In this particular edition of the Crazy Easy Mindful Living series, I'll be doling out 30 days of 60-second mindfulness practices! I'll do my best to do them 30 days in a ROW, but I make ZERO promises...I'm a busy gal.
Of course, however, the more often you sprinkle these mindfulness practices throughout your day, the faster you’ll strengthen the brain.
Here’s how to practice:
- Whatever the activity is, the goal is to keep your focus on that activity alone.
- If other thoughts or distractions pop up, gently redirect your attention back to the activity. Try not to use negative language when redirecting yourself.
- Try to keep your body relaxed during the activities.
- At the end of the 60 seconds, congratulate yourself for doing a good job (even if you were completely distracted the entire time).

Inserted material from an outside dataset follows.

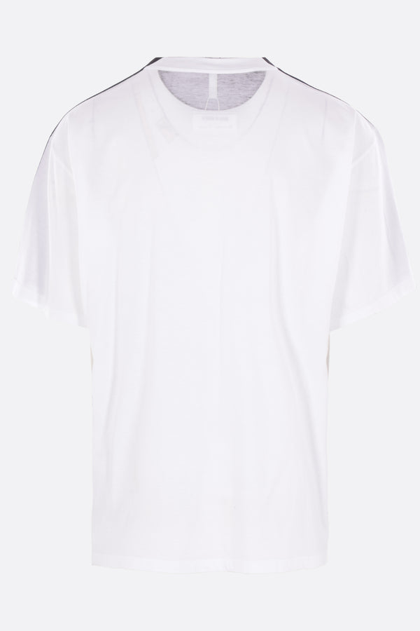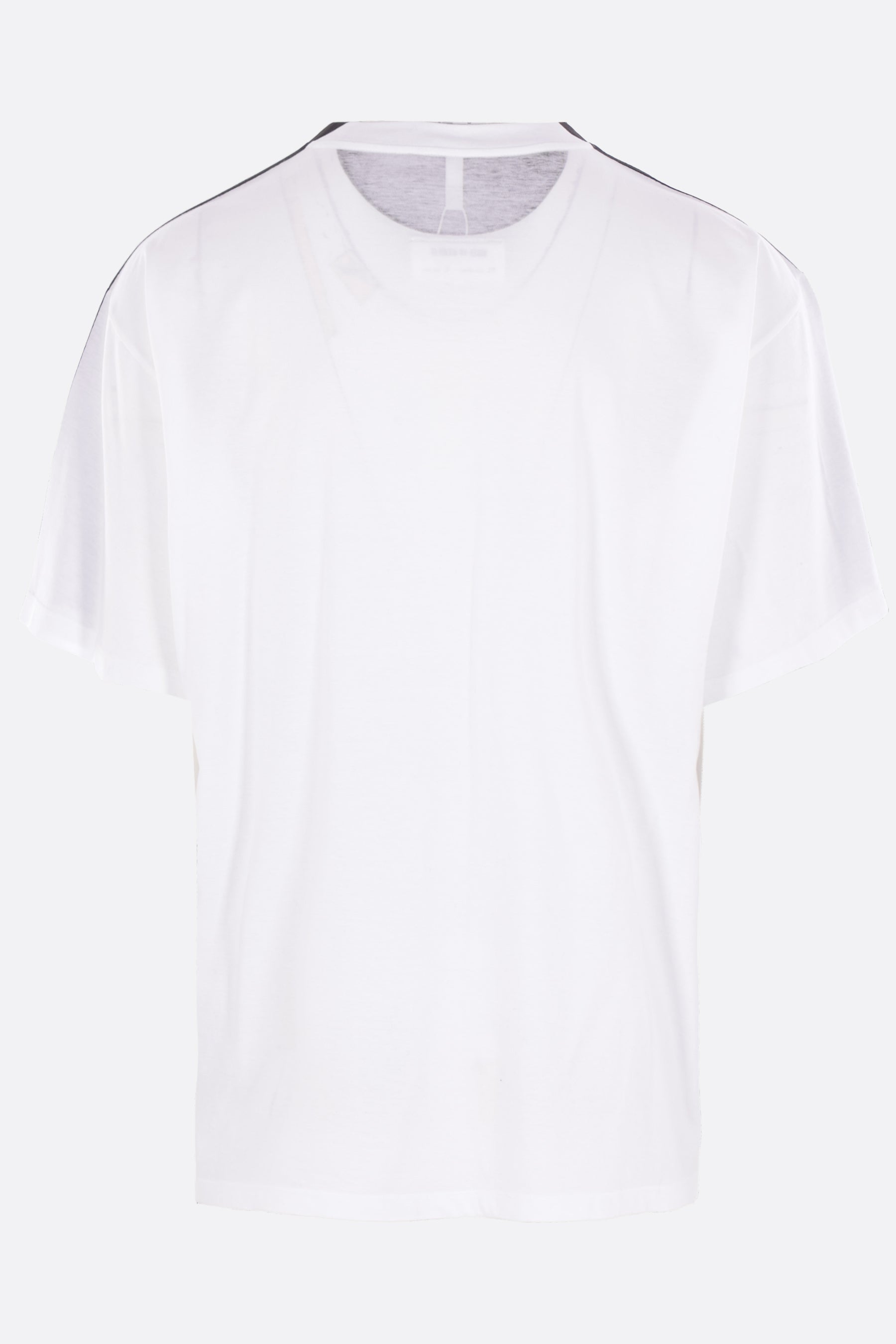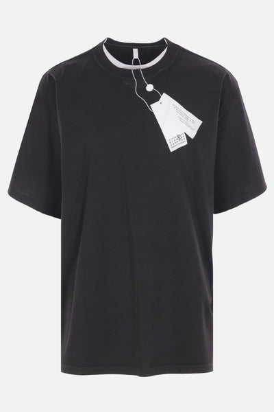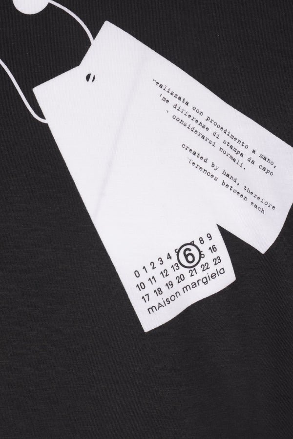 MM6 t-shirt made of black and white cotton jersey with a trompe-l'œil effect screen-printed graphic. Featuring a crew neckline, short sleeves, and a straight hem. The design is completed by the Maison's signature white stitching on the back.

While the brain is super complex, it’s also kind of simple. It likes problem solving and praise. The fact that you completed the 60 second activity and praised yourself for doing so is the equivalent to petting your canine companion and telling it it’s a good dog.
The more you train the brain and reward it with some positive language (and maybe even a scratch behind the ear), the more eager it will be to tap into some mindfulness.
And mindfulness is a skill that comes in wicked handy when life presents you with challenges, and when shit gets real.
So, let’s get this party started!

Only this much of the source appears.